Re: An attempted test of main's "git: 2ad756a6bbb3" "merge openzfs/zfs@95f71c019" that did not go as planned

Alexander Motin Mon, 04 Sep 2023 06:10:33 -0700

On 04.09.2023 05:56, Mark Millard wrote:

On Sep 4, 2023, at 02:00, Mark Millard <mark...@yahoo.com> wrote:

On Sep 3, 2023, at 23:35, Mark Millard <mark...@yahoo.com> wrote:

On Sep 3, 2023, at 22:06, Alexander Motin <m...@freebsd.org> wrote:

On 03.09.2023 22:54, Mark Millard wrote:

After that ^t produced the likes of:
load: 6.39  cmd: sh 4849 [tx->tx_quiesce_done_cv] 10047.33r 0.51u 121.32s 1% 
13004k


So the full state is not "tx->tx", but is actually a "tx->tx_quiesce_done_cv", 
which means the thread is waiting for new transaction to be opened, which means some previous to be 
quiesced and then synced.

#0 0xffffffff80b6f103 at mi_switch+0x173
#1 0xffffffff80bc0f24 at sleepq_switch+0x104
#2 0xffffffff80aec4c5 at _cv_wait+0x165
#3 0xffffffff82aba365 at txg_wait_open+0xf5
#4 0xffffffff82a11b81 at dmu_free_long_range+0x151


Here it seems like transaction commit is waited due to large amount of delete 
operations, which ZFS tries to spread between separate TXGs.

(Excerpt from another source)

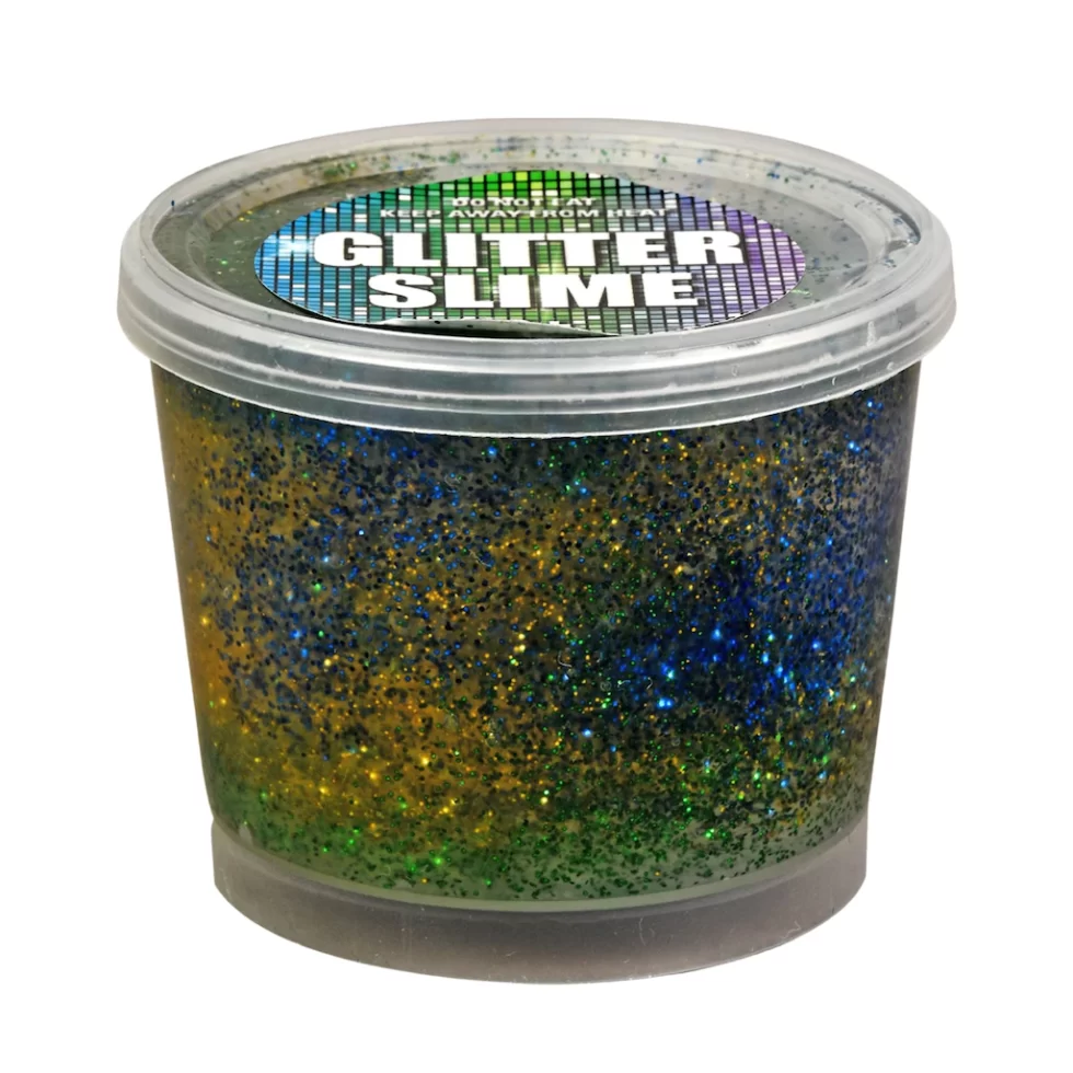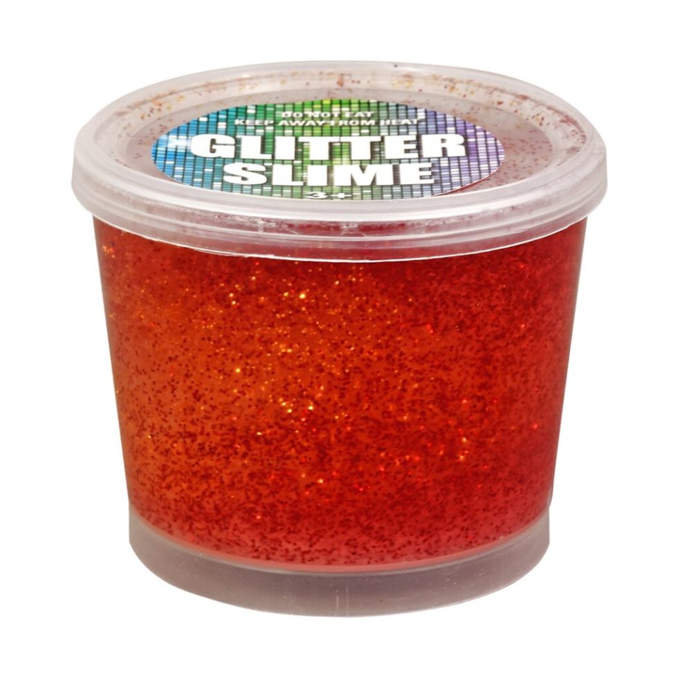 Anyone no matter their age can find fun playing with these containers of glitter slime. They come assorted among red, green, purple, and blue. Ideal for gag gifts, stocking stuffers, and resale. Ages 3+. Do Not Eat. Keep Away From Heat.

That fit the context: cleaning out /usr/local/poudriere/data/.m/

You should probably see some large and growing number in sysctl 
kstat.zfs.misc.dmu_tx.dmu_tx_dirty_frees_delay .


After the reboot I started a -J64 example. It has avoided the
early "witness exhausted". Again I ^C'd after about an hours
after the 2nd builder had started. So: again cleaning out
/usr/local/poudriere/data/.m/ Only seconds between:

# sysctl kstat.zfs.misc.dmu_tx.dmu_tx_dirty_frees_delay
kstat.zfs.misc.dmu_tx.dmu_tx_dirty_frees_delay: 276042

# sysctl kstat.zfs.misc.dmu_tx.dmu_tx_dirty_frees_delay
kstat.zfs.misc.dmu_tx.dmu_tx_dirty_frees_delay: 276427

# sysctl kstat.zfs.misc.dmu_tx.dmu_tx_dirty_frees_delay
kstat.zfs.misc.dmu_tx.dmu_tx_dirty_frees_delay: 277323

# sysctl kstat.zfs.misc.dmu_tx.dmu_tx_dirty_frees_delay
kstat.zfs.misc.dmu_tx.dmu_tx_dirty_frees_delay: 278027


As expected, deletes trigger and wait for TXG commits.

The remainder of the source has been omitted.